Более полно он развил эти же идеи в статье «Дуализм — это монархия» (1853). Ряд положений в эту статью он внес из своих прежних работ 1849–1850 гг. [46], сделав их более конкретными. Основная мысль статьи — противопоставление всем видам авторитаризма (монархия, политическая республика) и теократии республики социальной, основанной на законах природы. «Природа — это гармония и анархия, это особенное каждого отдельного существа и в то время величайшее и наиболее совершенное всеобщее. Принцип природы полностью противоположен дуализму — это имманентность … Законы природы не что иное, как самые условия бытия. В природе нигде не видно назойливого перста, указующего дорогу, повелевающего, спасающего, покровительствующего» [47].
Опыт всех политических республик показал, что они никогда не воплощали суверенитета народа. Социальное общежитие (или социальная республика по Герцену) должно нуждаться лишь в наличии социальной связи и естественных условий человеческого сообщества. Эти условия необходимы «не потому, что это республика, а потому что это общество, потому что человек не может их отвергнуть, не отказавшись от своего разума» [48]. Правительственная инициатива, признание права «исправлять нас, воспитывать нас» — понятия монархические. «Свободные люди двигаются сами; им не нужно ни перил, ни шпор».
В статье «Вперед! Вперед!» проблема взаимосвязи Запада и России решалась так же, как вопрос «будущего переворота», осуществить который на Западе призвана будет Европа чернорабочая, оставшаяся, как Россия, вне движения, задавленная нуждой, бедная, земледельческая и отчасти ремесленная.

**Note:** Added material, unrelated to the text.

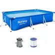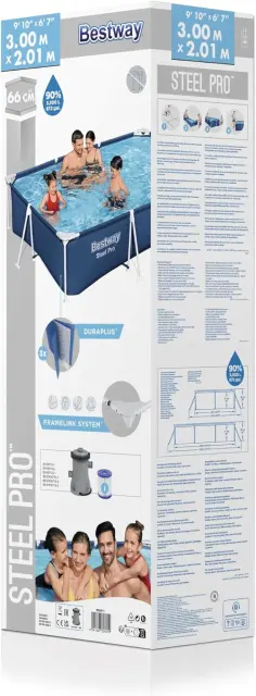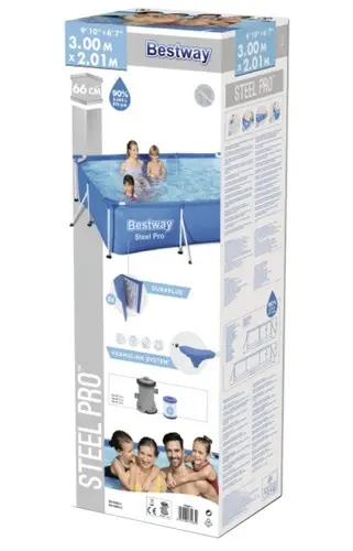 Opis: Dimenzija: d. 300 x š. 201 x v. 66 cm Barva: temno modra Oblika: pravokotna Z bazenom Steel Pro™ Frame Bazen set lahko vi in vaša družina uživate v hladni vodi na svojem vrtu. Bazen se hitro postavi in navduši s svojo vzdržljivo konstrukcijo. Priložena filtrirna črpalka ohranja vodo čudovito čisto. - Filtrirna črpalka z zamenljivim vložkom čisti vodo - Izjemno robustna 3-slojna PVC obloga za bazen DuraPlus™ - Jeklen okvir, odporen proti koroziji - Vgrajen odtočni ventil z adapterjem za vrtno cev - Priključek za morebiten filtrirni sistem (fi 32 mm) - Vključno s samolepilnim obližem za popravilo Tehnični podatki: - Blagovne znamka: Bestway - Oblika bazena: oglat - Vsebina vode pri 90% napolnitvi: 3.300 L - Globina vode pri 90% napolnjenosti: 59 cm - Material: 3-slojni PVC - Največji pretok: 1.060 l/h - Zmogljivost črpalke: 1.249 l/h - Priključek: fi 32 mm Teža: 16.81 kg

Все революции не удались прежде потому, что они не касались ни поля, ни мастерской, ни даже семейных отношений и были сбиты с дороги мещанством. «Нам нечего заимствовать у мещанской Европы, она берет у нас ею привитый деспотизм» [49]. «Нечего заимствовать» у буржуазной Европы. Но «наука Запада и его трагическая судьба» по-прежнему дают «богатые средства», чтобы теоретически осмыслить пути русского развития. «Но коснуться до него нам мешает не царь, а страшное преступление крепостного состояния» [50].

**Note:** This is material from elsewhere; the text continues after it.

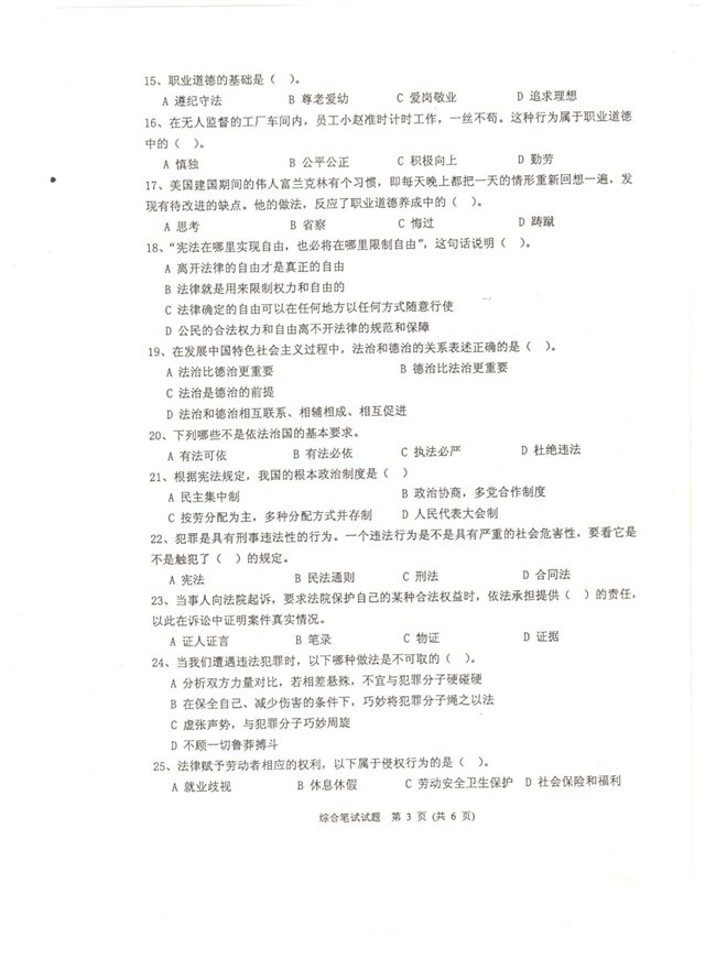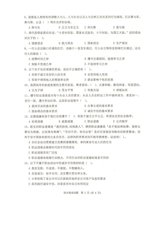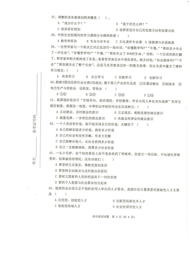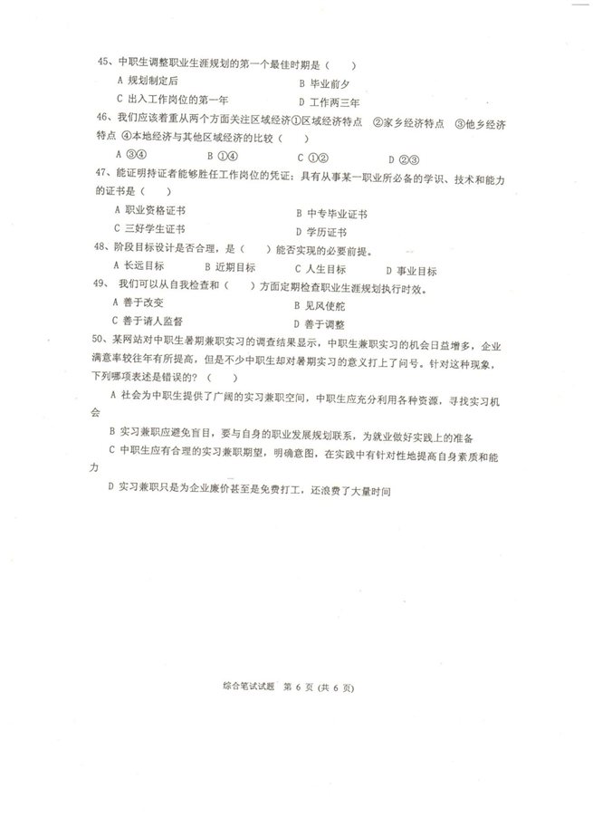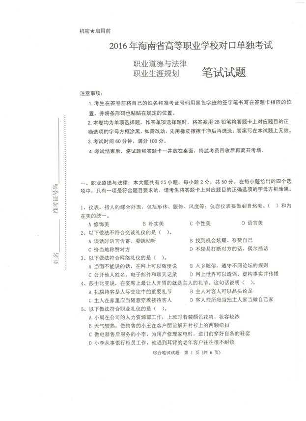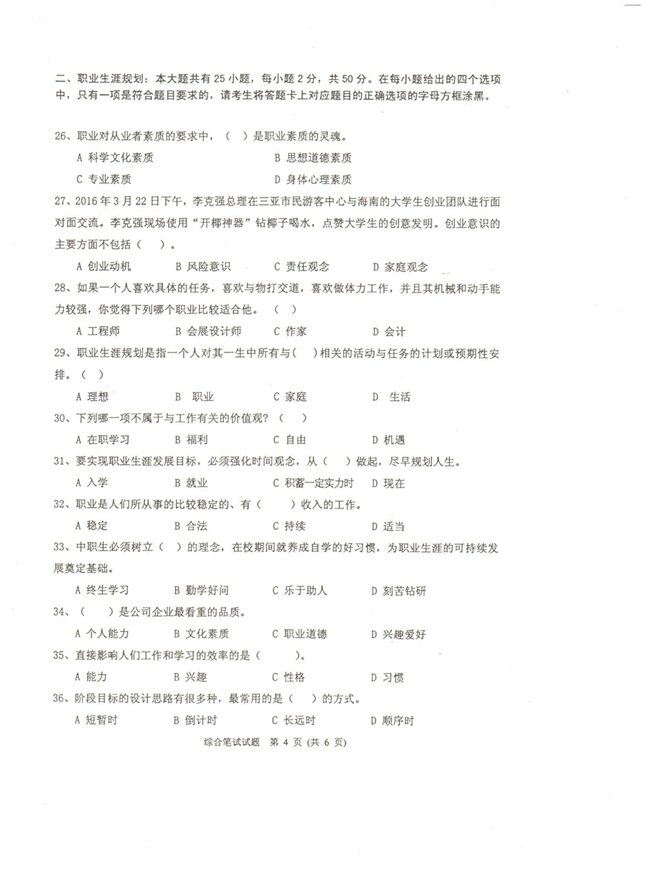 2016年海南省高等职业学校对口单独考试笔试试题(职业生涯规划样本)

Изменение политической ситуации, сложившейся в России в связи со смертью Николая I, означало новый этап и развитии теории «русского социализма». Необходимо напомнить, что само содержание пропаганды Герцена со времени появления «Полярной звезды», а затем и «Колокола», со времени установления постоянной, живой связи с Россией приобрело иной характер, целиком направленный на русского читателя, а на первый план выступила идея реальной борьбы за освобождение крестьян. Естественно, что определенные коррективы это обстоятельство внесло и в «русский социализм». Первые же слухи о начинающейся работе по подготовке крестьянской реформы вселили в Герцена надежду на возможность создания мирным путем благоприятных условий для развития социалистических начал, заложенных в общине. Впервые эти новые ноты прозвучали в полемической статье «Еще вариации на старую тему» (письма к И.С. Тургеневу за 1857 г.), посвященной действительно не новой проблеме «Россия и Запад». Герцен, по-прежнему настаивая на неизбежности для Европы социальной революции, писал о «болезненном» одностороннем развитии управления в руках буржуазии, о незрелости и неразвитости масс при слабости революционной партии и заключал, что «без страшной кровавой борьбы» не может произойти «падения мещанства», но вместо антиавторитарных призывов говорил теперь лишь об «обновлении старого государственного строя» [51].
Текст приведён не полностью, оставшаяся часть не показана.